Updated: May 14, 2019

Yudonosan Sanrôjo 湯殿山参篭所's shôjin ryôri 精進料理

Last day, when I was taking part to Mt. Yudono's Fire Prayer for Well-Being (April 25th), I had the chance to be served shôjin ryôri (the Buddhist food for "devotion"), but how big was my surprise at the sight of the lunch served at Yudonosan sanrôjo (the pilgrim lodge at Yudonosan Senninzawa). I have always been told that shôjin ryôri 精進料理 was 100% vegan, as it was commended by Gautama Buddha (shakamuni 釈迦牟尼 in Japanese) in the Lankavatara Sutra (ryôgakyô 楞伽経 in Japanese) who said that eating meat prevented people from reaching enlightenment.

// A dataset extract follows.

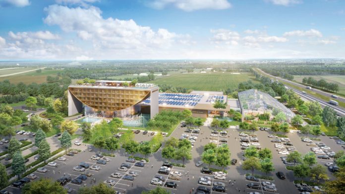 To be developed approximately one hour west of Indianapolis, the property would count with a hotel elevated above an interior greenscape, in a shape resembling a “happy smile.” Most guest rooms would be located on upper levels, enjoying extended views.

Extract of the sutra (source) :

   The Buddha told Mahamati: "Meat eating has countless offences. All Bodhisattvas should cultivate their great mercy and compassion so that they should not eat meat. Now I am telling you in brief the merits of not eating meat, and the offences of meat eating, please listen attentively."
   "Mahamati, I see that from the beginningless time, because of the habit of meat eating and the greed for flavors of meats, living beings kill and hurt each others in never ending cycles, thus they are apart from sages and suffering from births and deaths."
   "Those who renounce the flavor of meat can taste the flavors of the true Dharmas, truthfully practice the Bhumi(stage)s of Bodhisattva, and attain Anuttara-Samyak-Sambodhi quickly. They can then make all living beings enter the resting-place of Sravaka(voice-hearer) and pratyeka-buddha(self-enlightened one), and after that make them enter the stage of Tathagata."
   "Mahamati, these benefits are based on the merciful heart. People who eat meat are destroying the great merciful seed of their own, then how could they get these great benefits?"
   "Mahamati, I see that living beings are in the transmigration of the six paths, being together in births and deaths, they give birth to and foster each others, and cyclically become fathers, mothers, brothers and sisters of each others; They may be men or women, may be the direct line of descent, may be cousins, affinities, uncles, aunts, sons, daughters, grandsons, and other various relatives of each others; They may also be born in other paths(of animal, ghost, god, and so on.), whether virtuous or evil, they frequently become the relatives of each others. Because of these relationships, I see that all meats eaten by living beings are of their own relatives. Due to the greed for flavors of meats, the living beings circularly eat each others, then they always have the thoughts of hurting each others. Their painful karmas are always increasing, so they are wandering in cycles of births and deaths and unable to escape.

The word "meat" refers to any kind of animal tissue.

But as you can see on the pictures, Yudono's shôjin ryôri uses fish in its dishes: as sashimi, as grilled salmon, as soup broth, and sometimes use eggs for desserts.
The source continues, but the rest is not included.